Given a positive integer n, find and return the longest distance between any two consecutive 1’s in the binary representation of n. If there are less than two 1’s, return 0.

Clarifying Questions

1. Input Range:
   • What is the range of the integer n?

   Answer: n is a positive integer which means 1 ≤ n ≤ 10^9.

2. Binary Representation:
   • Should we handle the binary conversion manually or can we use built-in functions?

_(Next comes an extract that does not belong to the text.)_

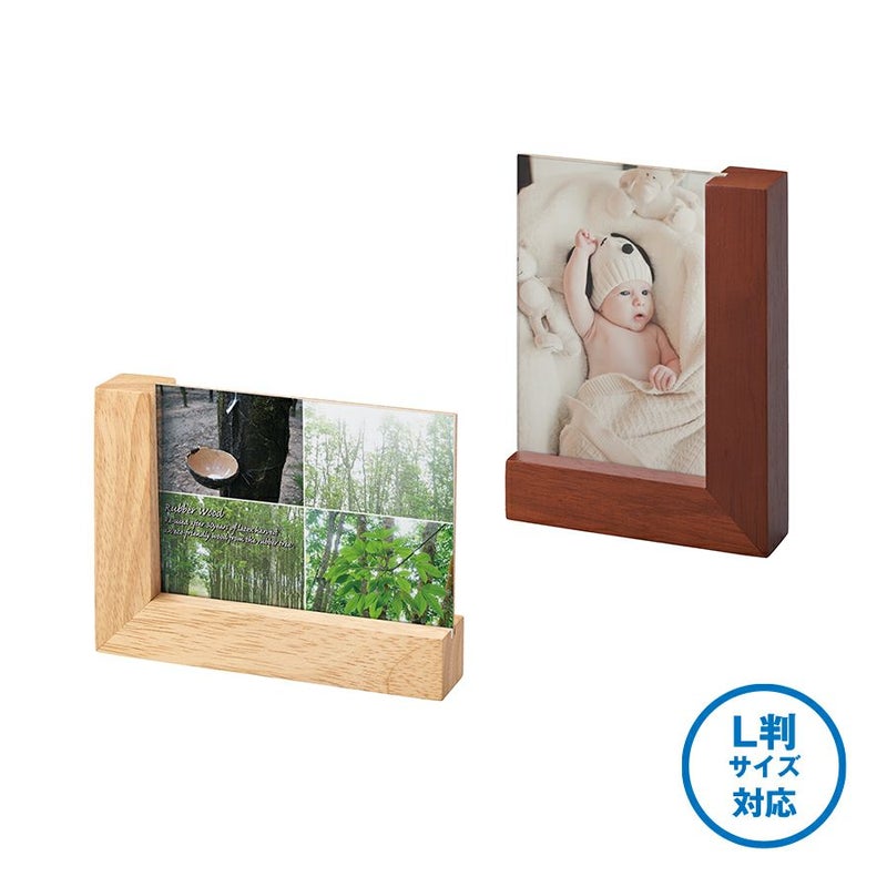 ギフトアイテムとして根強い人気のあるフォトフレームにラバーウッド素材の商品が登場しました。おしゃれなデザインのL字の淵で、幅広くご提案できる商品です。素材のゴムの木は家具やインテリア雑貨にも使われる木材で、天然ゴム採取後の廃材を再利用しているエコアイテムです。また、ゴムの木の花言葉は永久の幸せなので、卒業記念品などの贈り物としても重宝されています。※天然素材の為、印刷の際、多少木目の影響を受ける場合がございます。

   Answer: Using built-in functions for binary conversion is acceptable as it simplifies the problem.

Strategy

1. Convert the integer n to its binary representation.
2. Traverse the binary string and record the positions of each ‘1’.
3. Compute the distances between each pair of consecutive ‘1’s.
4. Return the maximum distance found or return 0 if there are fewer than two ‘1’s.

Code

#include <iostream>
#include <vector>
#include <bitset>

class Solution {
public:
    int binaryGap(int n) {
        // Convert the number to its binary representation
        std::string binary = std::bitset<32>(n).to_string();

        // Initialize the variables
        int max_gap = 0;
        int last_position = -1;
        
        for (int i = 0; i < binary.size(); ++i) {
            if (binary[i] == '1') {
                if (last_position != -1) {
                    max_gap = std::max(max_gap, i - last_position);
                }
                last_position = i;
            }
        }
        
        return max_gap;
    }
};

int main() {
    Solution solution;
    int n = 22;  // Example input
    std::cout << "Binary Gap: " << solution.binaryGap(n) << std::endl;
    return 0;
}

Explanation:

1. Binary Conversion: std::bitset<32>(n).to_string() converts the integer n to its binary representation in a string format.
2. Max Gap Calculation: Iterate through the binary string:
   • For each ‘1’, calculate the distance from the last recorded ‘1’.
   • Update the maximum gap if the current gap is larger.
   • Update the last position of ‘1’.

Time Complexity

• Conversion to Binary: std::bitset<32> always processes 32 bits, making the conversion O(1).
• Traversal of Binary String: Since we always deal with 32 bits, the loop also runs in constant time, O(1).
• Thus, the overall time complexity is O(1).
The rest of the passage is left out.